In duplicating the lines below, keep every word unchanged and drop the pictures.

## Recorded data
* * * *

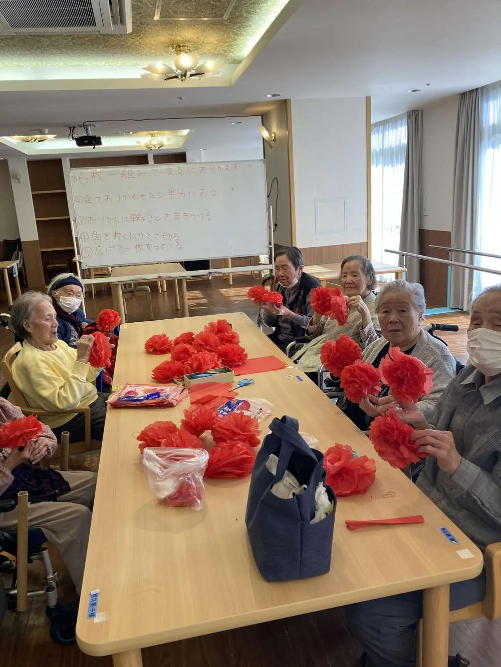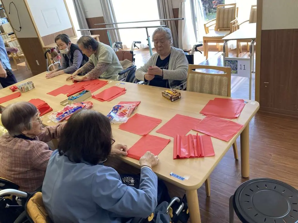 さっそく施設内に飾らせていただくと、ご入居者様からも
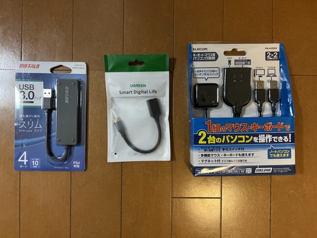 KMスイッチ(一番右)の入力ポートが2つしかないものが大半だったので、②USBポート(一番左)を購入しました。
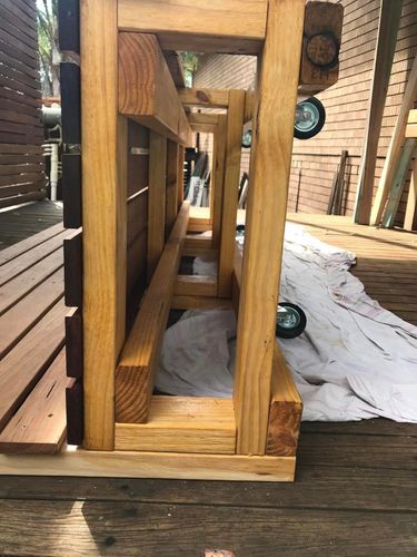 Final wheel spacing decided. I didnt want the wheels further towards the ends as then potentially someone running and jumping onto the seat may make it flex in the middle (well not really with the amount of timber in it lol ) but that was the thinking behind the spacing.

* * * *

## Written response
 さっそく施設内に飾らせていただくと、ご入居者様からも
 KMスイッチ(一番右)の入力ポートが2つしかないものが大半だったので、②USBポート(一番左)を購入しました。
 Final wheel spacing decided. I didnt want the wheels further towards the ends as then potentially someone running and jumping onto the seat may make it flex in the middle (well not really with the amount of timber in it lol ) but that was the thinking behind the spacing.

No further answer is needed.